Please report new issues athttps://github.com/DOCGroup
First of all, this bug is very similar to bug 1269, in fact, they *might* be duplicates, but I filed them separately because: 1) The stack traces are different, so they could be actually two problems. 2) This one crashes inside the Reactor. 3) I want to know when each one is fixed, and I'm mostly interested in this one. The problem has been dragging for a while, see bug 1202 and its brethen for more details, but basically the ORB is running the Leader/Follower loop waiting for a send to complete. During a handle_output() call the peer death is detected, so we return -1 from handle_output() to close the socket. The socket is removed from the reactor, but *ONLY* from the write mask, it is left there on the read mask. Problem is the ORB closes the socket too, and somehow the Connection_Handler is also deleted. The Reactor then has this invalid file descriptor on the read mask (remember it was only removed from the write mask), yet it tries to use the corresponding Event_Handler (which was deleted) and the whole thing crashes. Multiple funny things are going on at the same time (why does the reactor only remove the write mask but calls handle_close()? why does the ORB deletes the event handler without calling remove_handler() first? why does the reactor::remove_handle(Event_Handler*) tries to use the get_handle() method?), most of them way out of my expertise. I'll be attaching a regression test shortly.

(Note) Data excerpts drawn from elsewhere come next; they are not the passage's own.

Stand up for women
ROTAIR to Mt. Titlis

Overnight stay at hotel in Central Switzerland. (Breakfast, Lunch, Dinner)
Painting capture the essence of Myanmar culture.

Created attachment 135 [details] The regression test, tarred
This bug should block 1202.
Carlos seems to have a better handle on this. So assigning it to him.

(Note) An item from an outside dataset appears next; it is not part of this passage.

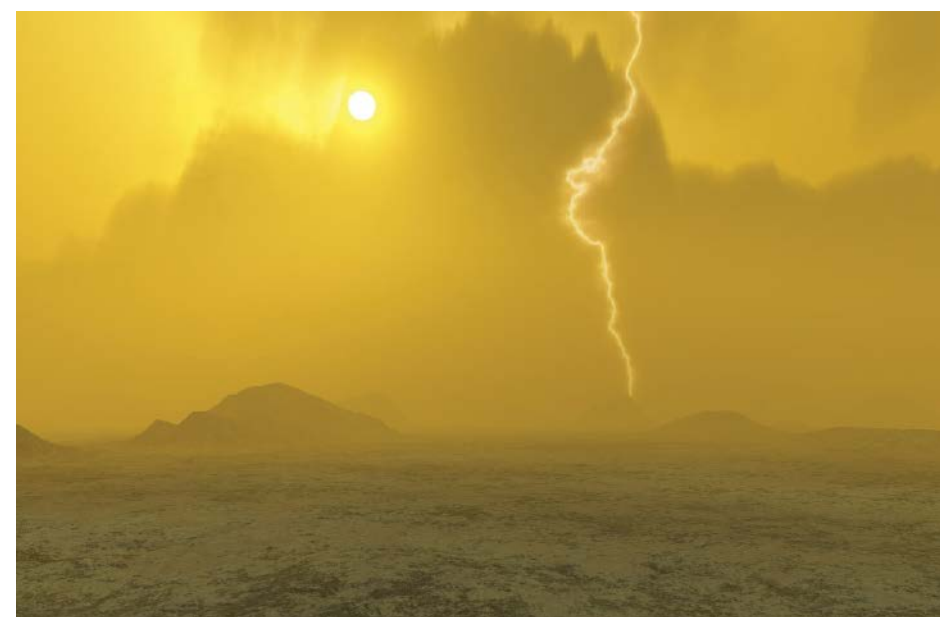
There's no conclusive proof yet that Venus can generate atmospheric lightning, but this artist's illustration shows what it might look like from the surface.

Last on the list of worlds that likely don't have lightning is Pluto. Although Pluto has layers of atmospheric haze, Yair explained, that haze is composed of nonconductive hydrocarbons like those surrounding Titan and is much too thin to produce or conduct electricity.

Bug 1305 was getting triggered inside the ORB too. Adding a dependency.
Not mine anymore. I submitted the patches and everything. Returning to the tao-support tarpit.
Fixed! Details are available in Mon Oct 21 22:45:02 2002 Balachandran Natarajan <bala@isis- server.isis.vanderbilt.edu> I ran the tests for these for the past two days in various ways. The only problem that I have seen is that the test crashes because of stack overflow. With some aggressive testing over the past two days, we can give some assurance that this is fixed.
What is the expected result from $TAO_ROOT/tests/Bug_1270_Regression? I ran it for 5 minutes and it just repeated like: [harris_s@paris Bug_1270_Regression]$ perl run_test.pl (14143|1024) Echo::echo_payload, sleeping (14142|1024) Echo::echo_payload, sleeping (14144|1024) Echo::echo_payload, sleeping (14143|1024) Echo::echo_payload, aborting (14142|1024) Echo::echo_payload, aborting (14144|1024) Echo::echo_payload, aborting (14159|1024) Echo::echo_payload, sleeping (14158|1024) Echo::echo_payload, sleeping (14157|1024) Echo::echo_payload, sleeping ... I am using gcc 2.96 on RH 7.2.
The server sholudnt die even when the client dies..
Should it run for the full 70 minutes in the perl script?